俺のばあちゃんの家はかなりの田舎にある。 
というか、島。家から港まで車で6時間、 
そこから船で2時間かけないと行けない。 
それでも、小学生のときとかは楽しみだった。 
今ではただ遠いとしか感じなくなってしまったけど、 
夏と冬、1年に2回は行く。 

向こうには、2つ年上のイトコの姉ちゃんがいて、 
よく2人で遊んでた。
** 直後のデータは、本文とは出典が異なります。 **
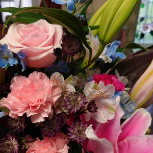 今日は、お友達が💐くれました〜(my Birthdayだったので🤭) ①カーネーションも入った花束 ②③薔薇だけの花束 ④お友達の庭の薔薇をカットしたアレンジ💕
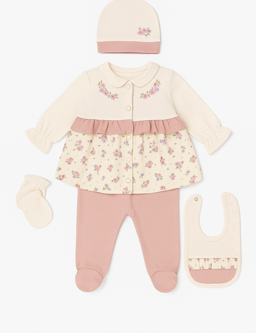 Little Blossom, 7-Delige Baby newborn Set Beige
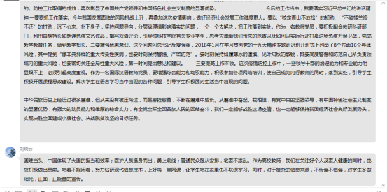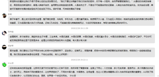 刘书记提前一天就在QQ群进行了活动预告,并且把习近平总书记的讲话文件上传在QQ群里供大家先行学习。28日晚七点半,活动准时开始。刘书记又带领大家把文件的重点梳理了一遍之后,每一位党员老师都结合本次疫情和自身岗位的特点,纷纷发言,用文字表达心声。老师们表示,疫情之下医护人员在一线与病毒做斗争,他们是最可爱的一群人;作为教师,努力上好每一堂网课,传授知识的同时把思政建设融入到课堂之中,是我们对抗疫情的最好方式;中国在共产党的正确领导下,行动迅速,众志成城,最后的胜利一定属于我们。活动最后老师们为本次疫情捐款,贡献自己的一份力量。

姉ちゃんは泥汚れとか全然気にせずに、 
森の中で遊んだり川に入ったりと、俺の面倒を見てくれていた。 
大体、向こうには一週間ぐらい居た。 

そんで、なぜかは忘れたけど、その日は一人で遊んでた。 
今でも何でその日だけ一人だったのかは覚えていない。 
まあいろいろ一人で何かして遊んでたと思う。 
やがて夕方になり、日も落ちかけてくると周りはとても暗くなる。 
そろそろ遊ぶのをやめて帰ろうと思ったら、 
小橋の近くにある電灯の下に姉ちゃんが居た。 
後ろを向いて立ってて、電灯にもたれ掛かる様な感じで。 

姉ちゃん迎えに来てくれたんだ~、 
と思って近づくと、そいつが振り向いた。 
そいつのあまりの不気味さに足が一瞬で止まった。 


391 ノイズの唇2/2 sage 2007/03/11(日) 05:48:06 ID:3Ut4PRWk0 

なんつーか・・・目、鼻、口は福笑いみたいな、 
とってつけたような薄いパーツで、 
皮膚が見たことも無いぐらいツルツルだった。 
姉ちゃんと似ていたのは髪形だけで、 
あとは化け物以外の何でもなかった。 

一番キモかったのは、唇。 
ぎゅっと固く結ばれた唇が、 
ノイズみたいに不規則に折れ曲がりながら動いていた。 


「MWMW」 ←分かりにくいけどこんな感じ。 
そこからは考えよりも体が先に動いて、猛ダッシュ。 
死に物狂いでばあちゃんの家まで走った。 
家に着くと姉ちゃんがのんきにスイカ食ってた。 
今さっきの事を話したら、 

「そんなん知らんww」 
「今日は隣の家の引っ越し手伝ってた」 
「お前だけサボりやがってww」 

みたいな事と言われてヘッドロックかけられた。 
まあ、そんなことはそれ一回だけだったけど、 
今でも姉ちゃんと会ったら聞いたりする。 
「あの日、本当にあの電柱の下には居なかった?」 
って。 
そのたびに「知らんww」って言われるけどね。 

だって、忘れようにも忘れられないんだよ・・・あのノイズの唇が特に。